Jan. 28, 1988: A notorious date

By 
  • January 25, 2008

It’s not a date we see marked on our calendars. There are no pink, blue, red or white ribbon campaigns lavishly publicized by daily newspapers and TV newscasts. No memorials on Parliament Hill in Ottawa either. Yet Jan. 28, 1988, should live on in Canadian history as a day of tragic infamy.

This was the day the Supreme Court of Canada ruled that the Criminal Code provisions restricting abortion were unconstitutional. Dr. Henry Morgentaler, a Montreal physician, was victorious in the courts at ensuring that Canada would have absolutely no legal restrictions on abortion, giving Canada the most radical pro-abortion regime in the Western world.

Since then, there has been the occasional attempt to redress this sad situation, notably the effort by Brian Mulroney’s Conservative government to create some modest restrictions. These were impaled by the Senate. After that fiasco, no mainstream political party would touch the issue. Aside from a small band of stalwart politicians, Canada’s political class — abetted by the chattering classes of journalists, academics and public intellectuals — has largely decided that the issue is settled. It is now conventional wisdom that it is impossible to touch Canada’s abortion laws because there are no votes to be gained there.

Worse, the Morgentaler decision opened the door to ever more aggressive attacks on the principle that all human life is sacred. Public acceptance of euthanasia and doctor-assisted suicide is like a virulent virus. And  destroying human embryos for scientific experimentation, or even cloning human beings, hardly registers on the public opinion shock-o-meter.

Despite the uphill battle, however, those advocating the cause of the unborn continue the struggle. In fact, recent medical discoveries are helping the cause in that they often reveal in undebatable terms that life in the human womb is nothing if it isn’t a person, or that there are ethical ways to work with stem cells without destroying embryos. While progress on the public opinion front is hard to chart, there are occasional signs of cracks in the once impregnable pro-abortion fortress.

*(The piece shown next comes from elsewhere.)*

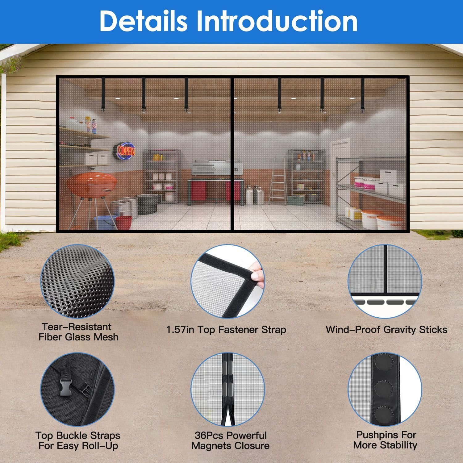 - *Advanced Fiber Glass Mesh*: Made from fiber glass mesh,the garage curtain is tear-resistant,sturdy,not easy to break,and has a strong durability and excellent air ventilation,which will efficiently keep fresh air in and critters out.

In recent years, annual polls reveal that the so-called consensus on abortion is not nearly as ironclad as it is portrayed. Consistently, a significant minority resides on the edges of both sides of the spectrum, while a large plurality of Canadians in the middle are uneasy with the 100,000 or so abortions performed each year and would willingly accept some legal restrictions on when and how abortions can be performed.

Ultimately, Christians know that God doesn’t promise success to us just because our cause is right or because we pray and work hard. Yet we carry on in our belief that all human life was created by God in His own image and deserves the best protection society can provide. We carry on in Christian hope that, in the end, justice will be done.